## Problem to work on
From the entries below, print exactly the span beginning with the line holding "Matgrupp Pobbie med" and ending with the line holding "中国人民大学出版社推荐有关民", endpoints included, and skip any pictures.
+ + + + +
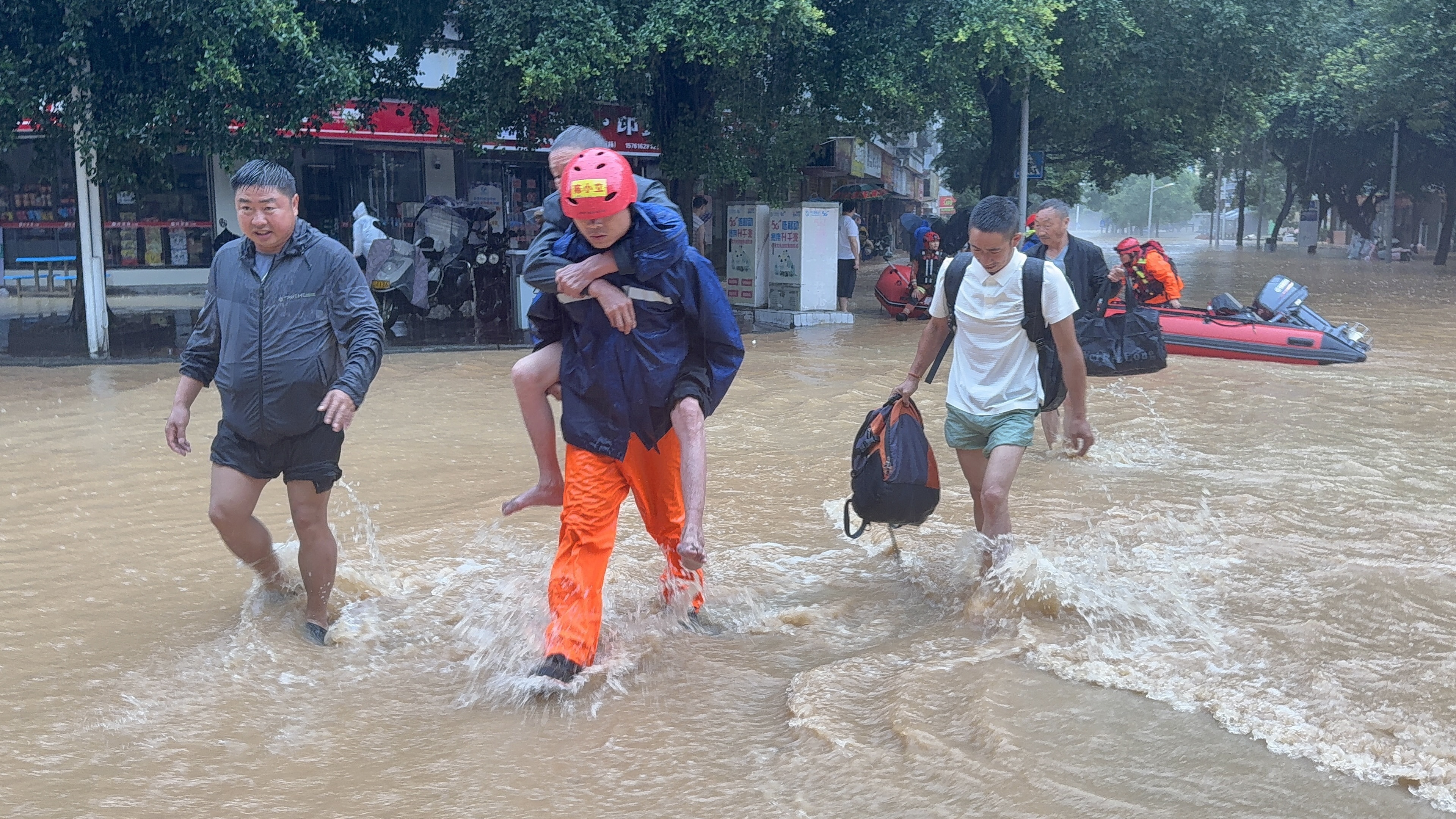 6月24日,受持续强降雨及上游来水叠加影响,贵州省黔东南州榕江县境内平永河、寨蒿河、都柳江水位持续快速上涨,遭遇特大洪水,县城多处低洼地带被淹。
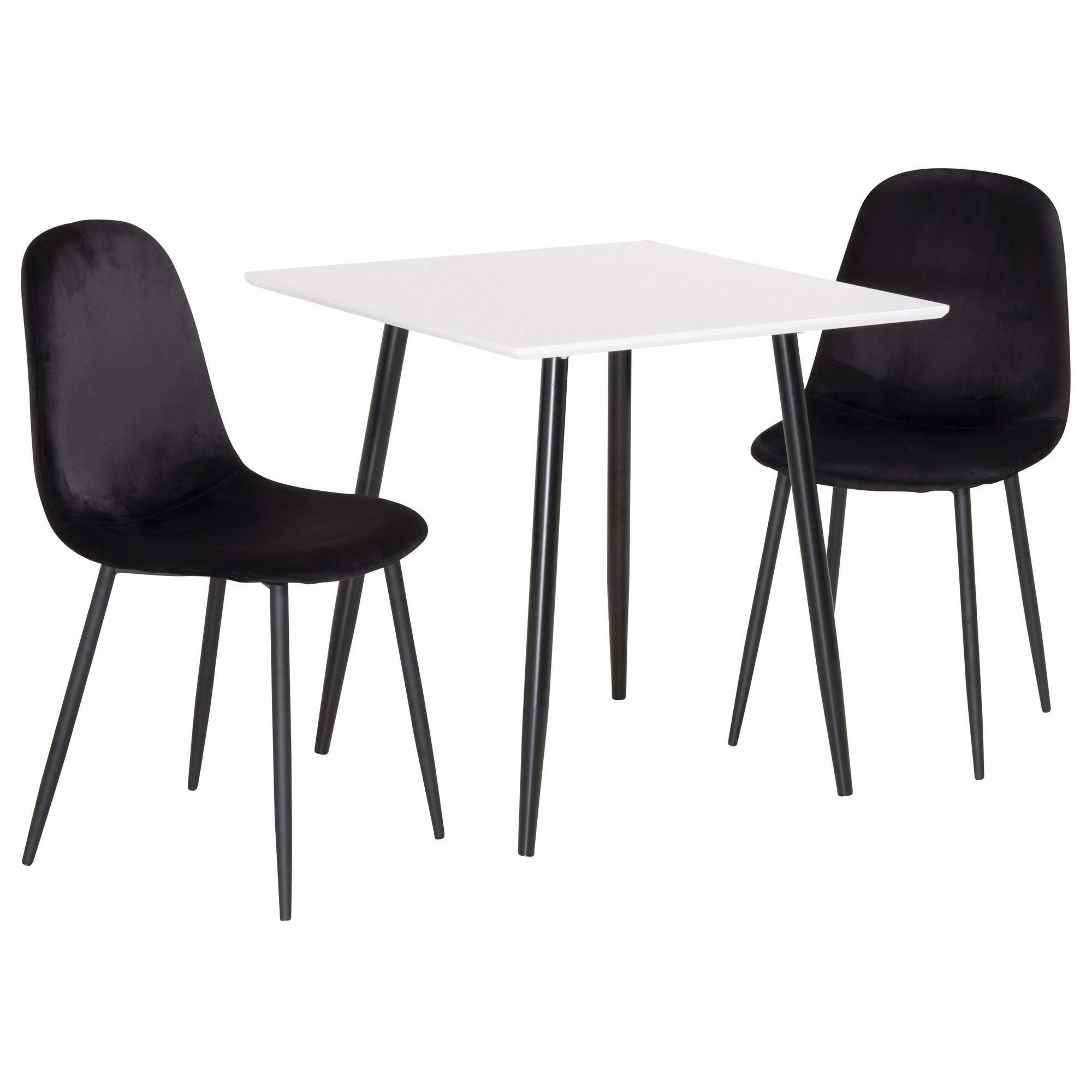 Matgrupp Pobbie med 2 Stolar från Venture Home är en stilren matgrupp med ett fyrkantigt bord och två stolar klädda i sammet. Lättare montering krävs.
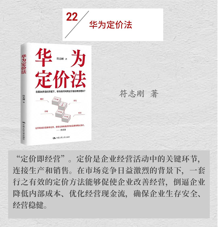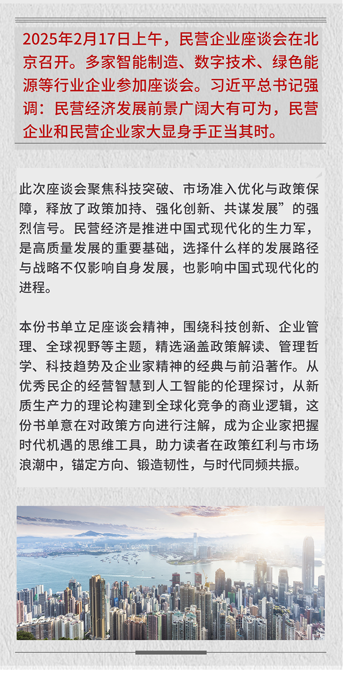中国人民大学出版社推荐有关民营企业座谈会书单,包括24本图书:《新质生产力:理论、事实与路径》《新质生产力的政治经济学》《科技创新与新质生产力》《中国新经济:创新与规则》《潮起:中国创新型企业的诞生》《大变局下的中国管理2:专精特新之路》《赢在组织》《终局思维》《新出海:中企海外本土化实战手册》《全球竞争力培育》《组队》《企业家精神——商业与社会变革的核能》《社会企业家精神》《社会企业家精神(第二辑)》《创业中国故事》《弄潮:中国民营企业的成长与社会责任》《失衡与重塑——百年变局下的中国与世界经济》《中国道路的政治经济学》《华为规模营销法》《华为三十年——从中国出发的全球化》《华为战略管理法》《华为定价法》《数字经济与数字化转型》《零售供应链数字化创新》。
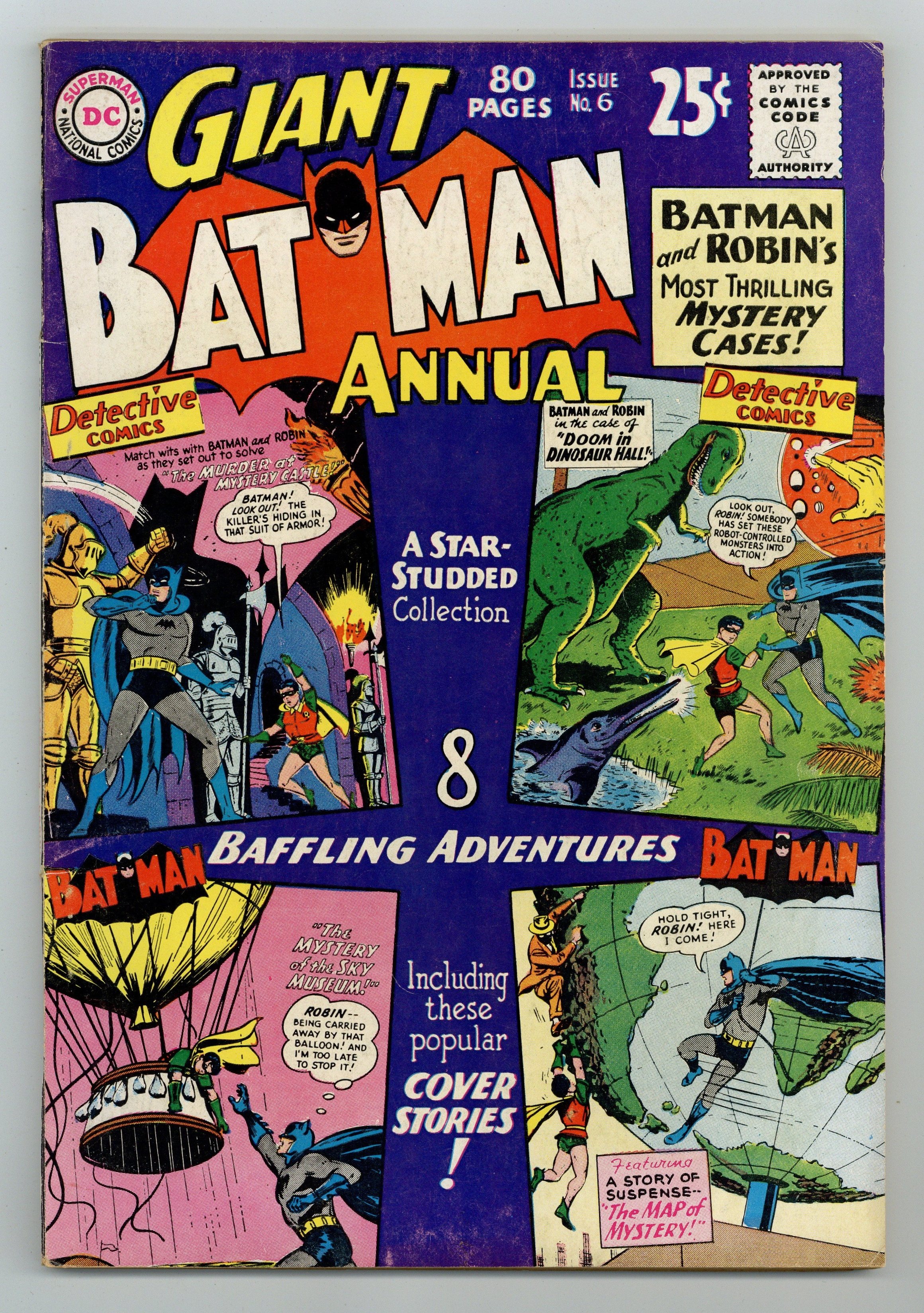 Winter 1963-64. All reprints. "Murder at Mystery Castle," script by Bill Finger, pencils by Sheldon Moldoff, inks by Charles Paris; When James Barham is murdered in his medieval castle there are four suspects, in order for Batman to solve this crime, he must use every ounce of his deductive ability. "The Gotham City Safari," script by Bill Finger, pencils by Sheldon Moldoff, inks by Charles Paris; Batman and Robin are made honorary members of the Safari Club by millionaire Alec Judson. "Mystery of the Sky Museum!", script by Edmond Hamilton, pencils by Sheldon Moldoff, inks by Charles Paris; Acting on a tip off, the Dynamic Duo visit the Sky Museum to investigate. "The Mystery of the Four Batmen!", script by Edmond Hamilton, pencils by Dick Sprang, inks by Charles Paris; A "Batman" is known to be smuggling stolen goods into the country. "The Creature from the Green Lagoon," script by David Wood, pencils by Sheldon Moldoff, inks by Charles Paris; Film producer Cory Blaine is shooting a movie on isolated Skull Island; The legendary monster the Locto appears. "The Map of Mystery!", script by Edmond Hamilton, pencils by Dick Sprang, inks by Charles Paris; Archaeologist Guy Hawtree sets off for Peru to study an ancient Incan monument, as he distrusts everyone, he leaves the location hidden on one of his maps. "The Danger Club," script by Edmond Hamilton, pencils by Lew Sayre Schwartz, inks by Charles Paris. "Doom in Dinosaur Hall!", script by Bill Finger, pencils by Sheldon Moldoff, inks by Charles Paris; Head of the Mechanical Museum of Natural History, Professor Hale, is found murdered. 84 pgs., full color. Cover price $0.25.
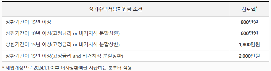 - 단, 장기주택저당차입금 이자상환액 공제금액 + 주택임차차입금 원리금상환 공제금액 + 주택마련저축 공제금액의 합계액이 아래 금액까지만 소득공제 가능
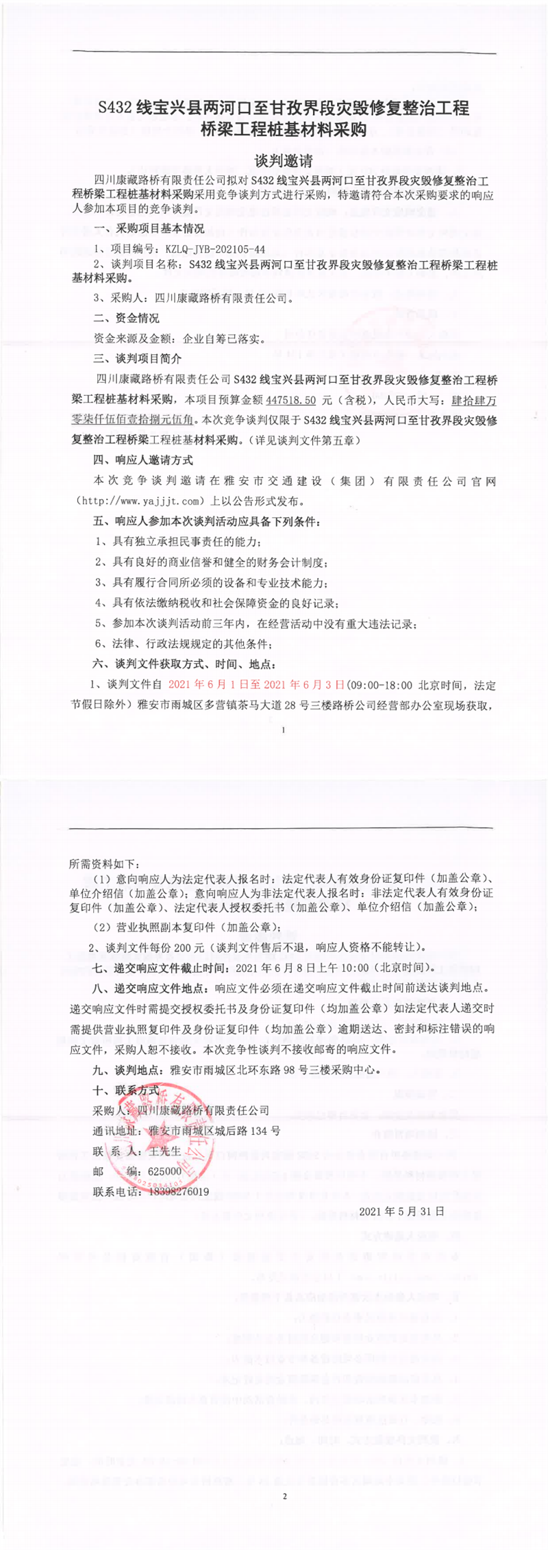四川康藏路桥有限责任公司S432线宝兴县两河口至甘孜界段灾毁修复整治工程桥梁桩基材料采购竞争谈判公告
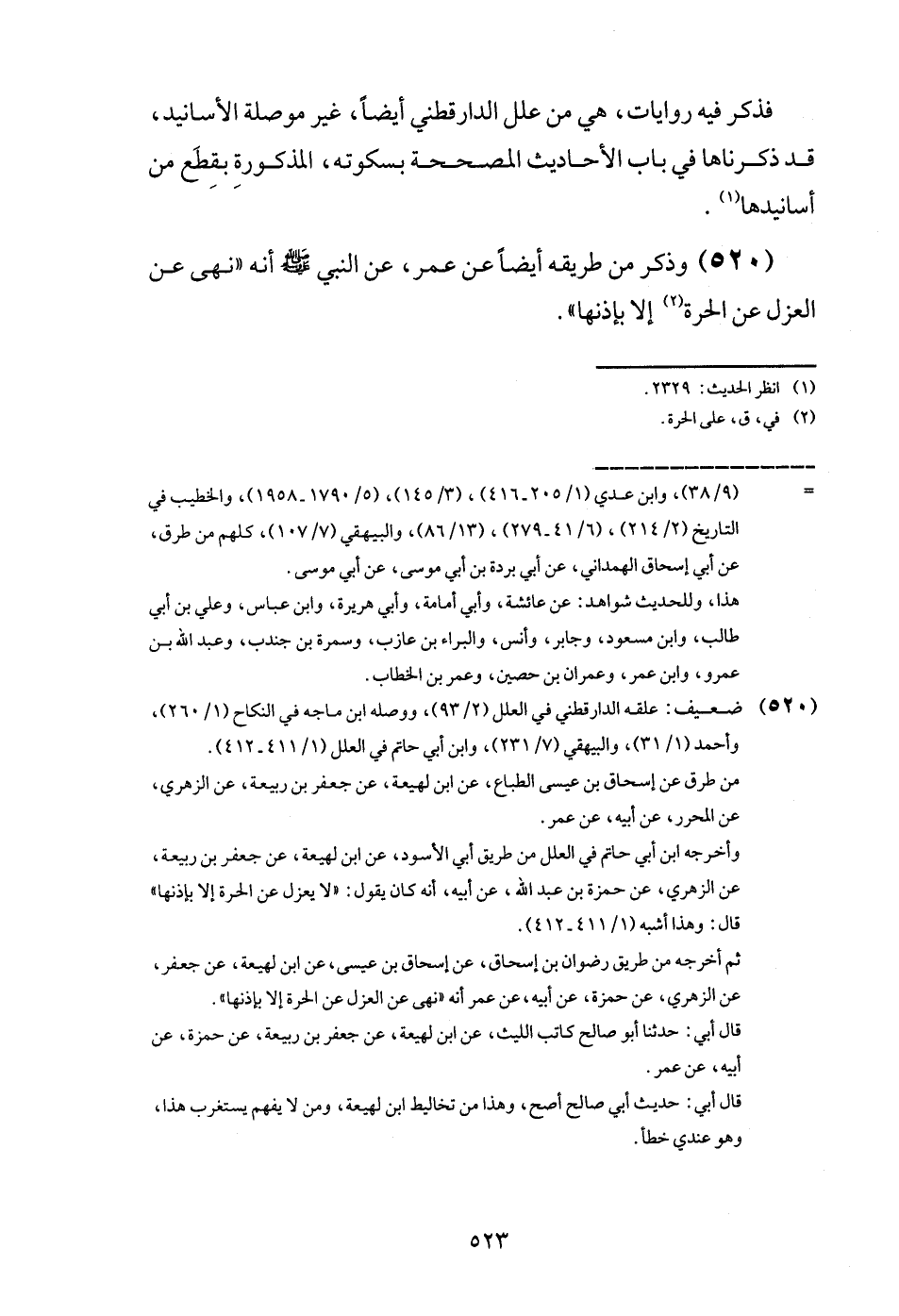 (520) وَذكر من طَرِيقه أَيْضا عَن عمر، عَن النَّبِي - صَلَّى اللَّهُ عَلَيْهِ وَسَلَّم َ - أَنه " نهى عَن الْعَزْل عَن الْحرَّة إِلَّا بِإِذْنِهَا ".
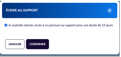 - Vous êtes dans un parcours sur lequel vous avez un rôle formateur. Le bouton support est disponible dans la barre bleue en haut de page, à droite.
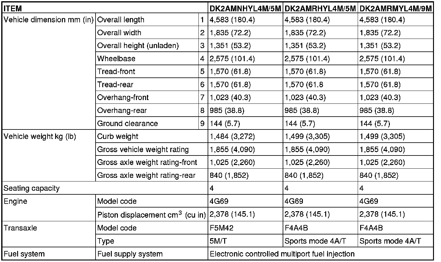 GENERAL SPECIFICATIONS (2.4L ENGINE)
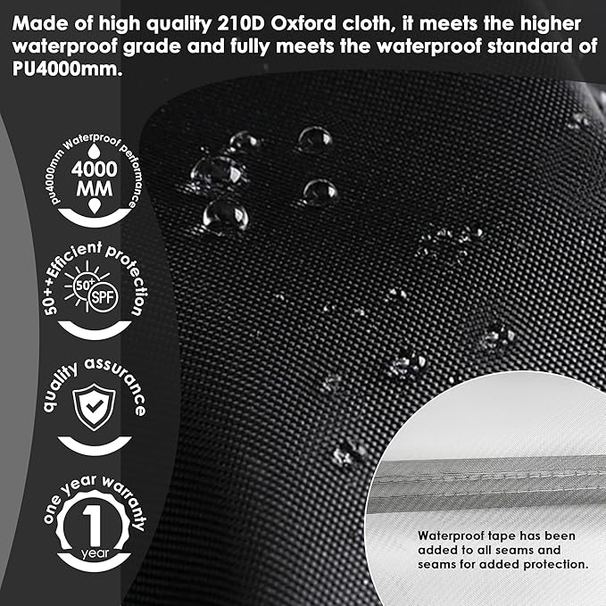 - 【Sturdy material】The bicycle shed is made of high-quality 210D silver-plated Oxford cloth, three layers of anti-tear material, waterproof and anti-ultraviolet treatment(UP4000), no need to worry about fading. Integrated floor, full zipper design can completely seal the door, convenient for access and provide comprehensive protection against water, dust and insects. All seams are rolled and double stitched with durable thread, which can be firmly supported in any bad weather
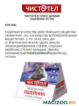 Чистотел плюс ошейник применяют для уничтожения блох, власоедов и иксодовых клещей, паразитирующих на кошках. Постоянное ношение ошейника обеспечивает защиту от иксодовых клещей на протяжении 3 месяцев, от насекомых - на протяжении 4 месяцев.
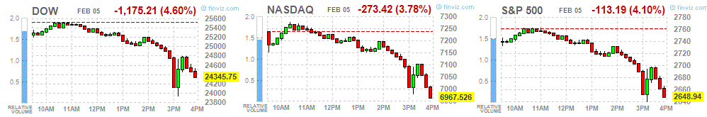 All components of the DOW index finished trading in the red (30 of 30). Outsider were shares of Exxon Mobil Corporation (XOM, -5.41%).
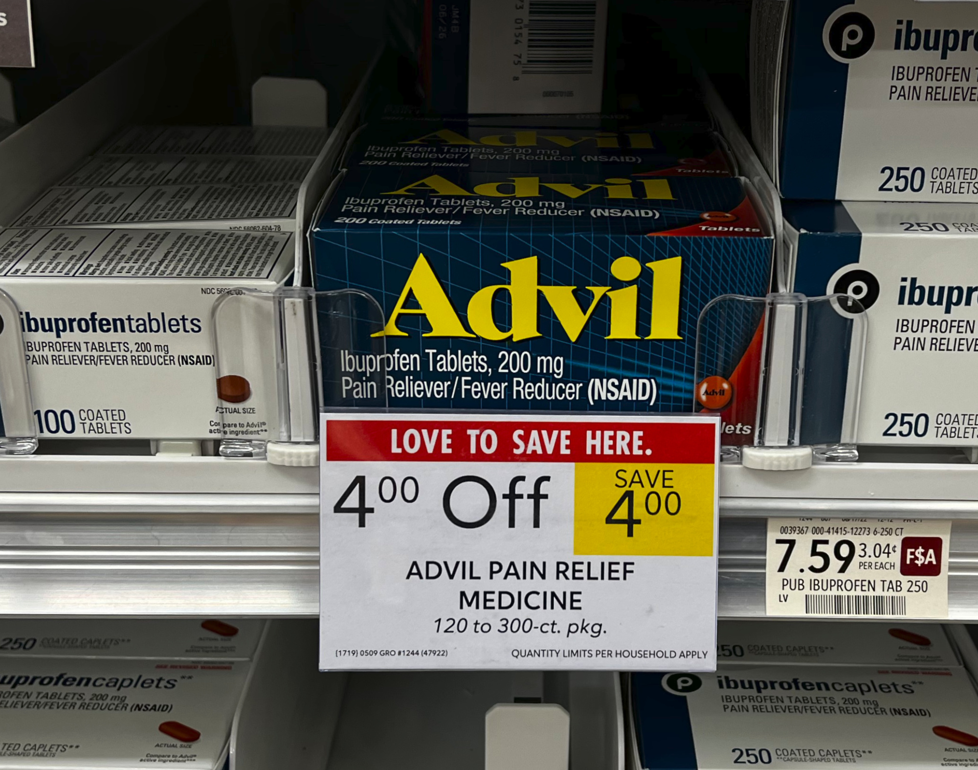 Gather your coupons and get a HUGE discount on Advil pain meds. After sale and coupons, you can pick up the big bottles for as little as $12.89… that’s a savings of $9 per bottle!
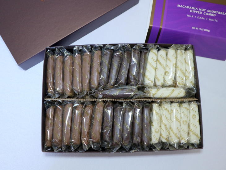 その中でも、不動の人気はミルクチョコレートとダークチョコレートとホワイトチョコレートの3種が入ったマカダミアナッツ・ショートブレッドクッキーのセットです。これだと、家族や友人と一緒に食べても十分な量があります。
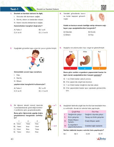 1. Destek ve hareket sistemi ile ilgili, 4. Yandaki görsellerde burun
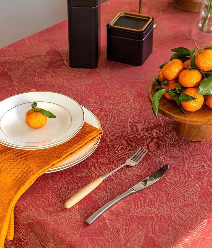 可以为餐桌换上一块喜庆的餐桌布,为椅子换个新椅套,或是添置一些新餐具都不错。
+ + + + +
## Result of this exercise
 Matgrupp Pobbie med 2 Stolar från Venture Home är en stilren matgrupp med ett fyrkantigt bord och två stolar klädda i sammet. Lättare montering krävs.
中国人民大学出版社推荐有关民营企业座谈会书单,包括24本图书:《新质生产力:理论、事实与路径》《新质生产力的政治经济学》《科技创新与新质生产力》《中国新经济:创新与规则》《潮起:中国创新型企业的诞生》《大变局下的中国管理2:专精特新之路》《赢在组织》《终局思维》《新出海:中企海外本土化实战手册》《全球竞争力培育》《组队》《企业家精神——商业与社会变革的核能》《社会企业家精神》《社会企业家精神(第二辑)》《创业中国故事》《弄潮:中国民营企业的成长与社会责任》《失衡与重塑——百年变局下的中国与世界经济》《中国道路的政治经济学》《华为规模营销法》《华为三十年——从中国出发的全球化》《华为战略管理法》《华为定价法》《数字经济与数字化转型》《零售供应链数字化创新》。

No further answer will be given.